# Liquid deicer or pellet?



## BossPlowMaster (Aug 10, 2013)

Just interested in what you guys think about the liquid stuff. I was thinking about trying it out on some of my residential customers sidewalks and so on. So any comments will help my decision!  

Also what are your favorite products that you see working well? (Liquid or solid)


----------



## Wayne Volz (Mar 1, 2002)

*both*

They are both a good tool in the tool box.


----------



## liquidsnowmelt (Oct 9, 2013)

I would like to introduce my product, Liquid Snow Melt. 
Check it out. We are the only true go green product on the market. We are a plant based anti-icing/deicing fluid that has a lot of advantages if used. 

Thanks, 
Gina Picarello 
Liquid Snow Melt, LLC


----------



## Edge landscape (Oct 26, 2013)

*Liquid magnesium*

I have been spraying brine for few years. I have a 1300 gal tank on truck ,I make the brine and can make liquid cal my maker machine does 400 gal every 25 min . How can I make liquid magnesium ?


----------



## Schoenberg Salt (Sep 30, 2011)

Liquids are another tool in the tool box, I am sure more can chime in but few use liquids exclusively. Different events call for different materials. Most municipalities have begun using liquids as a pretreatment- laid down before the storm to help by them time to get everywhere and also to make it easier to plow by creating a barrier between the road and snow. Even with this they will go back and apply solids after the snow is cleared with the first pass. There are a few choices from Brine (salt and water) to liquid magnesium and calcium to these mixed with OBPE's, beet juice, and other materials. For these addition materials please ask questions and check out claims of certifications and the MSDS.

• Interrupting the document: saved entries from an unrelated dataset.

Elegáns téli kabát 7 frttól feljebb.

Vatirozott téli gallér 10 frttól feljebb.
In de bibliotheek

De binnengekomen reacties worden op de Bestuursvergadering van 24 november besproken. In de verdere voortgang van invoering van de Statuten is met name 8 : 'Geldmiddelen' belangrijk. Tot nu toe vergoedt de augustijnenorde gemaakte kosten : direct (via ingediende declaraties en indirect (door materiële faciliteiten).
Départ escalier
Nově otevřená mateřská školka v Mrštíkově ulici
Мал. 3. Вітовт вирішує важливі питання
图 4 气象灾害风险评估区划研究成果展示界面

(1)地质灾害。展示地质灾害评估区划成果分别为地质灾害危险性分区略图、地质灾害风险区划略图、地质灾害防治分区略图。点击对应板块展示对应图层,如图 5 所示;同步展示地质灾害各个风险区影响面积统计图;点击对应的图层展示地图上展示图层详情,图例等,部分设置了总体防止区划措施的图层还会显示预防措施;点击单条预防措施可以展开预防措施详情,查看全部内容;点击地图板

Off topic but there should be a magnesium chloride conversion chart in previous posts.


----------



## willldskoehler (Dec 20, 2013)

Is it really that easily to make a 33% liquid calcium chloride solution by adding 2.6 pounds of calcium flake/pellet to 1 gallon of water? Same for salt brine?


----------



## mdsnowremovalpw (Dec 2, 2013)

I use both. I have customers that only want one type or the other. I use a commercial brand of deicer that I buy 275 gallons at a time, it works great and have never had a complaint.


----------



## deicepro (Mar 24, 2009)

willldskoehler;1691132 said:


> Is it really that easily to make a 33% liquid calcium chloride solution by adding 2.6 pounds of calcium flake/pellet to 1 gallon of water? Same for salt brine?

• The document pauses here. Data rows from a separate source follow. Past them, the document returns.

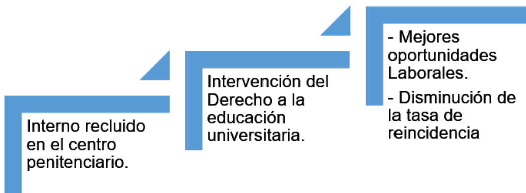
Figura N° 02 – Gráfico sobre la intervención de la educación universitaria como resocialización del interno.

Para afianzar mejor lo antes mencionado y graficar lo expuesto, es que se ilustra el siguiente gráfico:
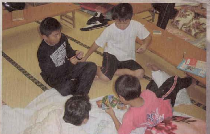
▲楽しかった自由時間
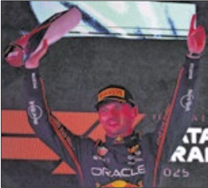
Max conquistou sua 70ª vitória

O GP do Qatar terminou com vitória de Max Verstappen, da Red Bull. Em segundo, Oscar Piastri, da McLaren. O pódio foi fechado com Carlos Sainz, da Williams. Já Lando Norris, líder do campeonato, terminou em quarto. Com isso, o Mundial de Fórmula 1 de 2025 será decidido no próximo domingo (7), no GP de Abu Dhabi. Para ser campeão, basta Lando Norris chegar ao menos em terceiro. Já Max Verstappen precisará vencer o Grand Prix e torcer para que Norris termine em quarto lugar, no máximo. O GP do Qatar foi decidido em um erro inexplicável de estratégia da McLaren.
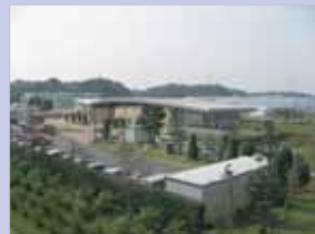
3-3道の駅しょうなん 手賀沼サイクリングロードに隣接しており、多くの人が訪れます。

its not hard to make calcium, but you should use a hydrometer after its mixed so you know what you ended up with.....


----------



## ajracing81 (Dec 19, 2010)

mdsnowremovalpw;1691492 said:


> I use both. I have customers that only want one type or the other. I use a commercial brand of deicer that I buy 275 gallons at a time, it works great and have never had a complaint.


hi could you pm me what you use and where you get it from I'm in Wisconsin and am helping a buddy out that is building something to apply liquid . thanks


----------